CogView2 Can you give an example of the first stage of training?

Dear all, Thank you very much for your work, but I don't know how to train your first stage, can you give some examples how it works?

Sep 26 '22 02:09 yangsenwxy

pretrain_coglm.py This is used for pretraining the first stage, and the launching scripts should be similar to those in https://github.com/THUDM/SwissArmyTransformer. You need to seed hyper-parameters and environments.

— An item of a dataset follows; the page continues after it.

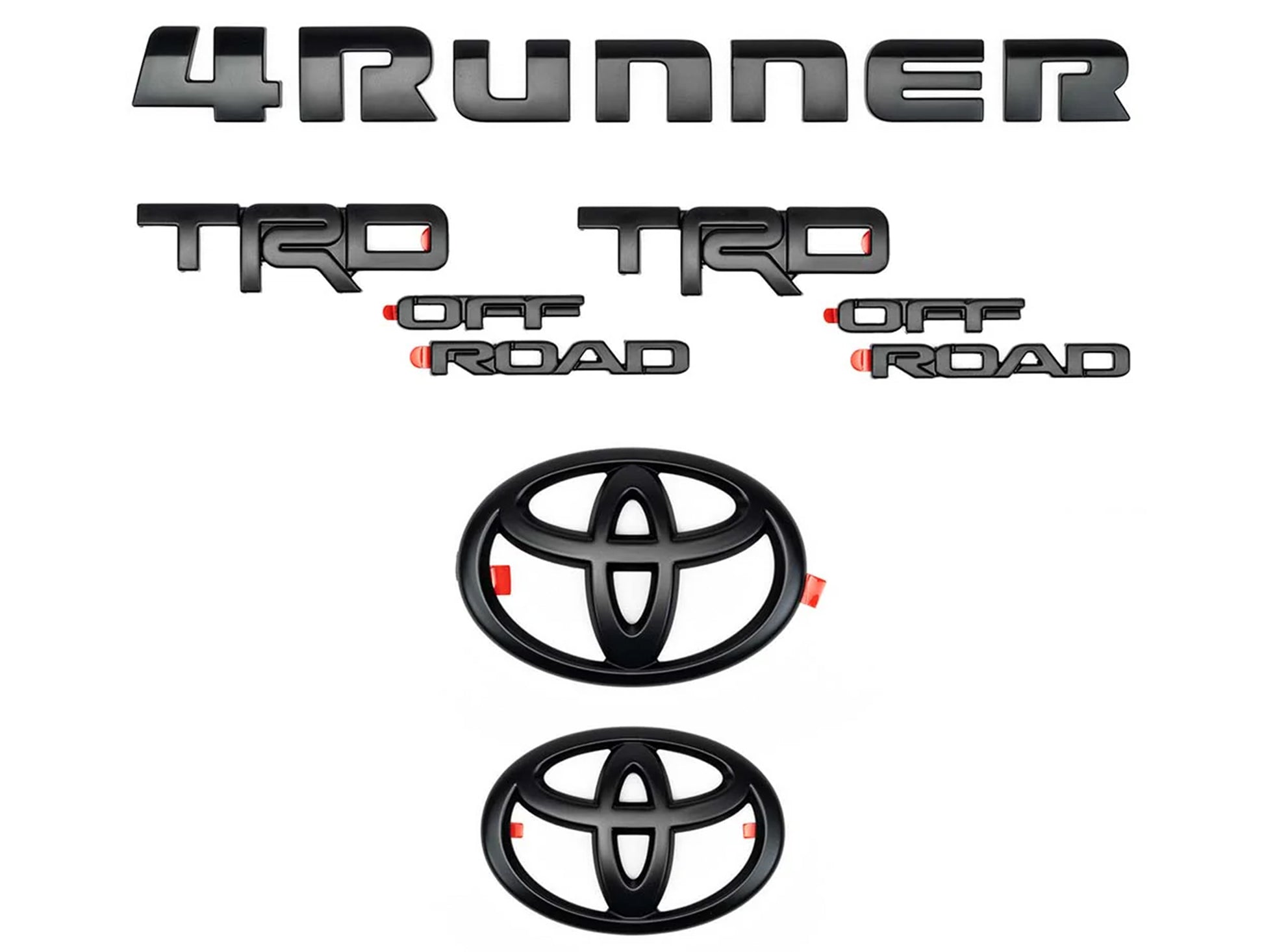 Black out your Toyota 4Runner with the OEM black emblem overlay kit. Ditch the outdated chrome badges and give your 4Runner a new and updated look. The OEM kit installs in just a few minutes, just clean your existing badges peel the tape, and stick them on. The perfect first mod for any 4Runner owner looking to give their vehicle a new look. Made from molded plastic with double-sided tape for easy installation and no worry about falling off.

Sep 26 '22 02:09 Sleepychord

Hi, I want to train the model on my own dataset. How should I process the dataset? Thanks!

Jan 30 '23 02:01 victorup

@victorup The dataset is binary files created by https://github.com/Sleepychord/cogdata IcetkImageTextTask, which is the fastest way to load data during training. You should prepare zip/rar/tar files for images and text, see https://github.com/Sleepychord/cogdata/tree/dev/downloads/testcase/test_image_text_tokenization_task for format examples.

Feb 01 '23 06:02 Sleepychord

Can you please share complete scripts for processing datasets and training? Because there are a lot of parameters in commands in https://github.com/Sleepychord/cogdata. I'm not very clear about that. And I also need a training script after getting the processed data. Thanks!

Feb 06 '23 16:02 victorup